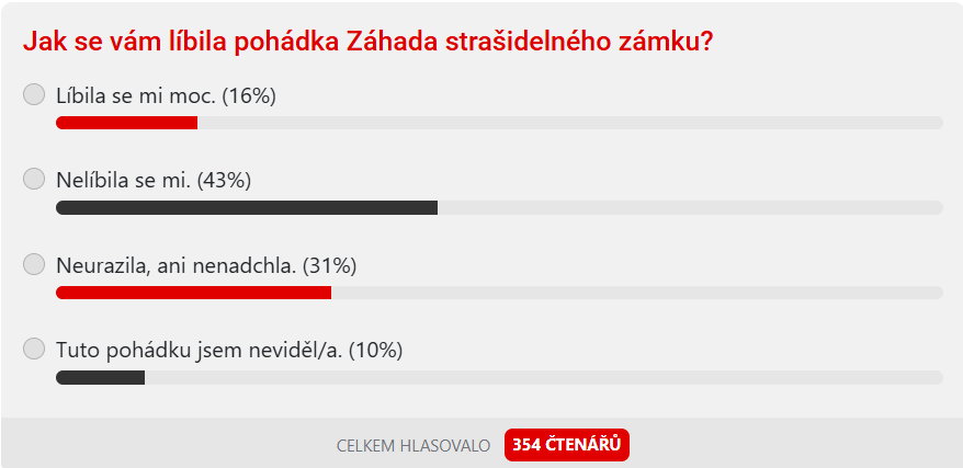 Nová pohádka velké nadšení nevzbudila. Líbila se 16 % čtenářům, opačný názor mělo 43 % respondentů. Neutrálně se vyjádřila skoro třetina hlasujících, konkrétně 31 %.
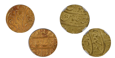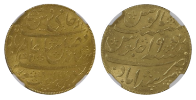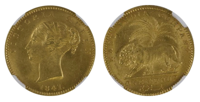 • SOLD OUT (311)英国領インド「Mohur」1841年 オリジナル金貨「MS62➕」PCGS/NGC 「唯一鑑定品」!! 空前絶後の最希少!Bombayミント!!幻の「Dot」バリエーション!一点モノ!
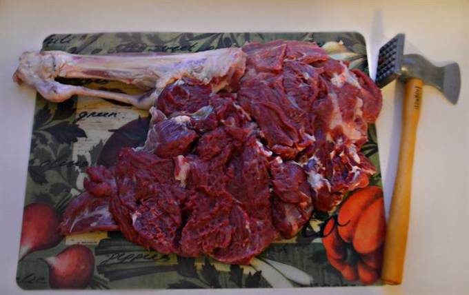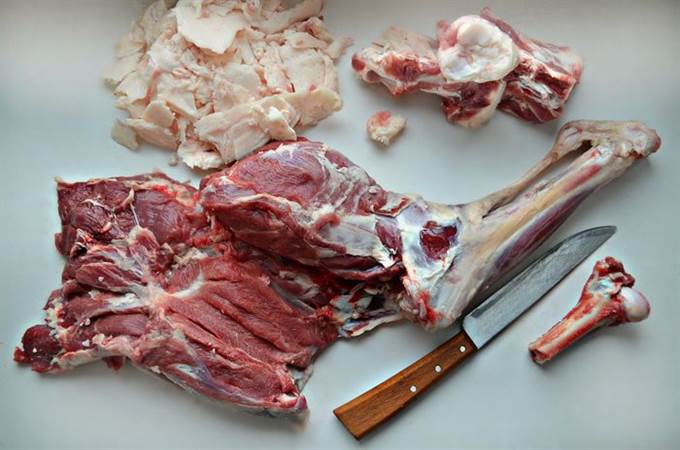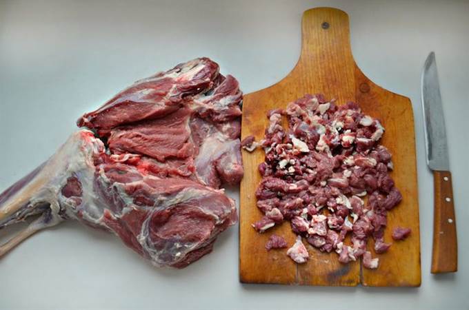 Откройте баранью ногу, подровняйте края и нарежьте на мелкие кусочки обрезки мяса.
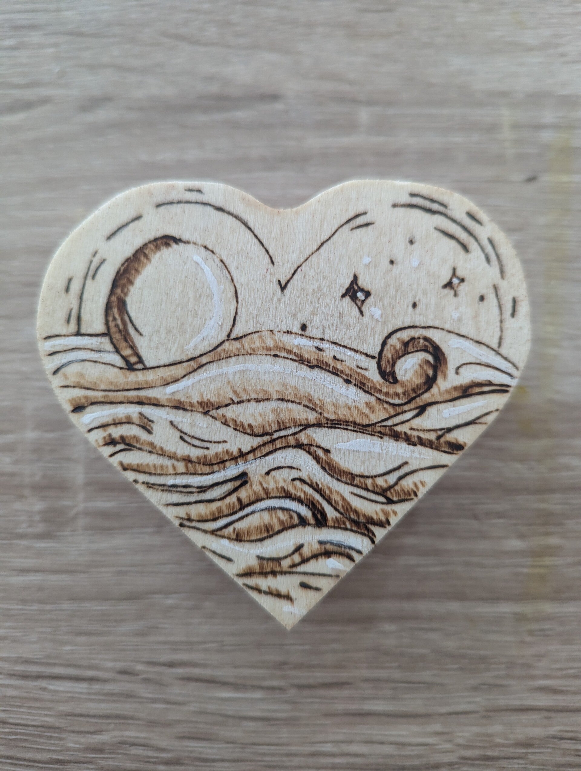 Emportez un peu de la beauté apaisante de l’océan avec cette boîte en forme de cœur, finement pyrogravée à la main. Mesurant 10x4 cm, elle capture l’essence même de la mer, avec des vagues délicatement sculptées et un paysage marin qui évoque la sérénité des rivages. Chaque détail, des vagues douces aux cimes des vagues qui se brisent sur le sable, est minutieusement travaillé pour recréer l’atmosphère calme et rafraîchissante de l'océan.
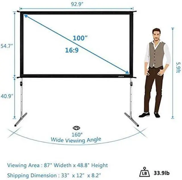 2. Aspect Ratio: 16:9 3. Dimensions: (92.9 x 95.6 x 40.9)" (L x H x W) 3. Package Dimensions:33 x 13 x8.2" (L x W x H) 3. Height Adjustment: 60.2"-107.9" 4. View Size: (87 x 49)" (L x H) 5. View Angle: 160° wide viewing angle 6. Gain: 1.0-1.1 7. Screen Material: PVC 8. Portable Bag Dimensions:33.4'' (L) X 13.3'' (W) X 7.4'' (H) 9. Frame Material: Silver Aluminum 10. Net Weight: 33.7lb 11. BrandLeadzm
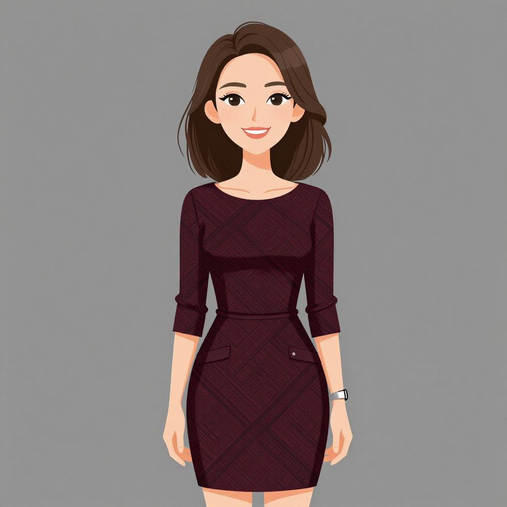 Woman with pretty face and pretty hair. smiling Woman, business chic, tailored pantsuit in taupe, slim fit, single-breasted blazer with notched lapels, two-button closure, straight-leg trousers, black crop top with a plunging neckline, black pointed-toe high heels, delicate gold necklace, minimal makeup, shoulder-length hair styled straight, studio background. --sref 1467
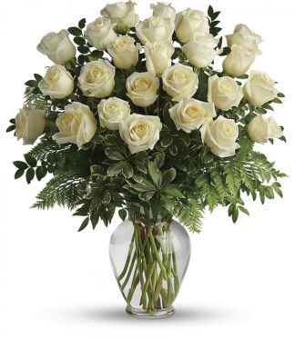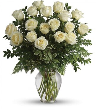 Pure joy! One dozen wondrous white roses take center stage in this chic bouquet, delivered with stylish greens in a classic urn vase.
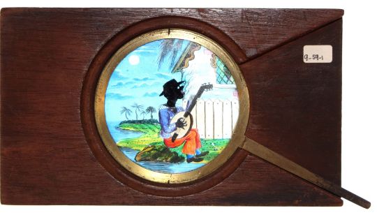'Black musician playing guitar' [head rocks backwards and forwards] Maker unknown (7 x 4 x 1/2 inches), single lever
***
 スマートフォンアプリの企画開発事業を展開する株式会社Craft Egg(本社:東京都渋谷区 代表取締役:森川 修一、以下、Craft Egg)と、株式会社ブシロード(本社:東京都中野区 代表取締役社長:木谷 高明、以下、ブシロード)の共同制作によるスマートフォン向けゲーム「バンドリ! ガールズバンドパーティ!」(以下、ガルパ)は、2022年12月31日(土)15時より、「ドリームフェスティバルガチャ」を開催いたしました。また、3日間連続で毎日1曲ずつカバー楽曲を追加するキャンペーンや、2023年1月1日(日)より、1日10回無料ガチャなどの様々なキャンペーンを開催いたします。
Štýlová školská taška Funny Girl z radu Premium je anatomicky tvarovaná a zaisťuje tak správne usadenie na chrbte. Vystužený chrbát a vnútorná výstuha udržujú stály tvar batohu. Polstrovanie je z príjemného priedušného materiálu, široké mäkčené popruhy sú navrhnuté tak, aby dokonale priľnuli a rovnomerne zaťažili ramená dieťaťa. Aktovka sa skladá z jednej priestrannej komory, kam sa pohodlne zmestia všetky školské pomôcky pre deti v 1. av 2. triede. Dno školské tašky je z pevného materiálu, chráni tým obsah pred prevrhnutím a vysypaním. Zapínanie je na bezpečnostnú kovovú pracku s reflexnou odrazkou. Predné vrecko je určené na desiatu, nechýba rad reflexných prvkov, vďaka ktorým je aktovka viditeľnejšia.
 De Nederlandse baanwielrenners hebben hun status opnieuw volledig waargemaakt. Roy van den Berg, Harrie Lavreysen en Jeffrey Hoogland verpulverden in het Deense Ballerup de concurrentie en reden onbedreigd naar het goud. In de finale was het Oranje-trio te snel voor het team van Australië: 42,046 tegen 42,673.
***
- WHAT IS BEING ASKED
Reproduce exactly the lines above that run from the one with "Pure joy! One" to the one with "inches), single lever", both included, leaving pictures out.

- FINISHED EXERCISE
 Pure joy! One dozen wondrous white roses take center stage in this chic bouquet, delivered with stylish greens in a classic urn vase.
'Black musician playing guitar' [head rocks backwards and forwards] Maker unknown (7 x 4 x 1/2 inches), single lever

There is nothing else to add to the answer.